Fine Arts to Service Design

Updated: Apr 13, 2020

3 years ago, the creative director of the startup I was working for introduced me to a friend who needed prototyping for an industrial soft-good product. Before I knew it, I started freelancing full time, organically delivering my services as a one stop shop for technical design, pattern-making and prototyping. While work was surprisingly constant and technically challenging, once I smoothed out the wrinkles of running a freelance business, I felt something was missing, something big picture.

Most people these days are surprised when I tell them I originally double majored in Jewelry Metal Arts and Fashion design. These degrees spanned 5 years, marked by my determination to look for ways to work within the college system or to convince the system work for me. I believe I still am remembered amongst the administration for my exceptions to the rule.

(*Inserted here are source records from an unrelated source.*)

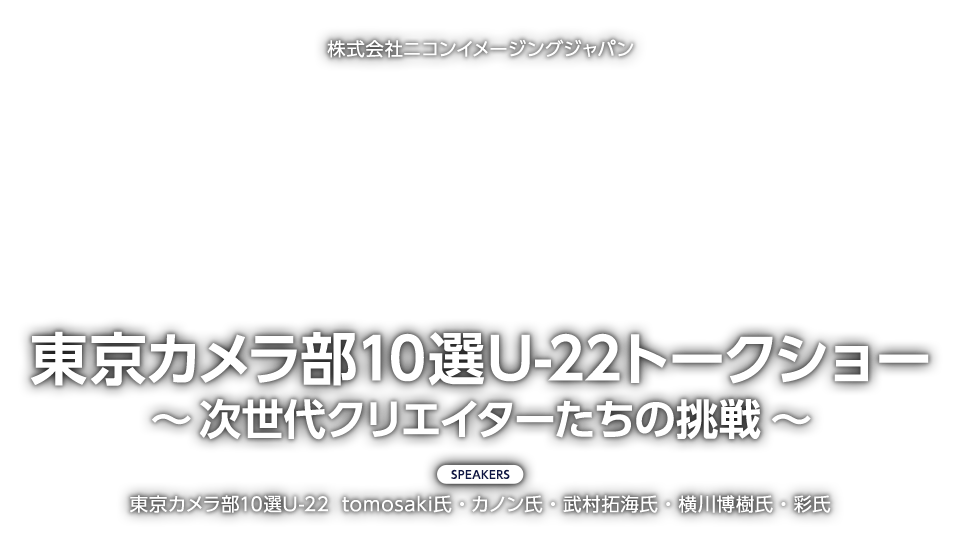 9月22日(日)に行われた株式会社ニコンイメージングジャパンのトークショーでは、東京カメラ部10選U-22のtomosaki氏、カノン氏、武村拓海氏、横川博樹氏、彩氏にご登壇いただき、「東京カメラ部10選U-22トークショー ~次世代クリエイターたちの挑戦~」というテーマでお話しいただきました。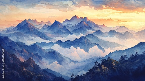 Watercolor style mountain scenery
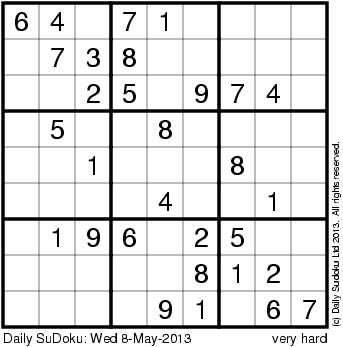 The Daily SuDoku: Wed 8-May-2013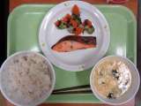 本日の献立 *ごはん *牛乳 *魚の梅醤油焼き *吉野汁 *野菜のごま...

When people asked me why I chose those two majors, I was never quite satisfied with my responses which felt like partial truths. I would often answer with a bland and pragmatic, "I liked both the self expression of fine art and the creative problem solving of design." Still in the early stages of understanding where I fit in, I was settling for simplified explanations of my choices that were both uninteresting and uninspiring.

With my limited experience at the time, I chose the Jewelry Metal Arts program at California College of the Arts (CCA), which emphasized conceptual storytelling, emotional design, experiential exhibition, as well as quality of materials and the value of craft. The Fashion Design program presented an exciting world of inspiration, research, multidisciplinary industry, complex technical and industrial systems, and the need for a dynamic team to accomplish their demanding goals. I focused on sustainability, a fundamental, strategic area of design which I would like to see as part of everyday life and common thought, a topic I will revisit in a later post.

I also took to leadership in my last four years, working with the Director of Student Life, my mentor at the time, to spearhead a new vision for the student council, student leadership, and advocacy.

In practice, I had not wanted to necessarily double major, but what I took from both disciplines was an inherently human-centered way of designing, an empathetic, systemic and strategic approach to translating ideas into products and experiences. Combined with my involvement in the redesign of student engagement and leadership, in retrospect, my college experience is really the result of my affinity for user experience and service design.

A decade ago, few schools offered these areas of study, and even now, the overall level of awareness about User Experience is just becoming common place with Service Design as a distinct practice barely starting to attract notice in the United States.

I enjoy this definition of Service design as "products of economic activity that you can't drop on your foot...", Matthew Bishop, The Economist. Another point of view from Tenny Pinheiro, is that physical products are vessels for the delivery of services; in effect, all physical products require service design. (This will be a recurring topic in my writing, I guarantee it.) I view Service design overall as strategic design for empowerment and sustainability.

A quote that helps to express my understanding of User Experience design is by Liz Sanders, “You can’t design experiences, but you can design FOR them”. I believe User Experience is the practice of understanding fundamentally how people are individuals with diverse life experiences that we cannot truly comprehend or predict.

As designers we try our best to set users up for success in their connections and interactions, allowing them to experience our designs authentically while valuing the diverse perspective they bring to help our designs grow. As UX and Service designers, we are in service to our team, our clients and customers, and as leaders, even more so.


I believe we are the sum of the experiences we are shown and the experiences we seek. If we empower others to show us the way, and empower ourselves to look for the path, then perhaps we will all find each other somewhere in the middle, sharing in the effort to lift a rather ambitious load.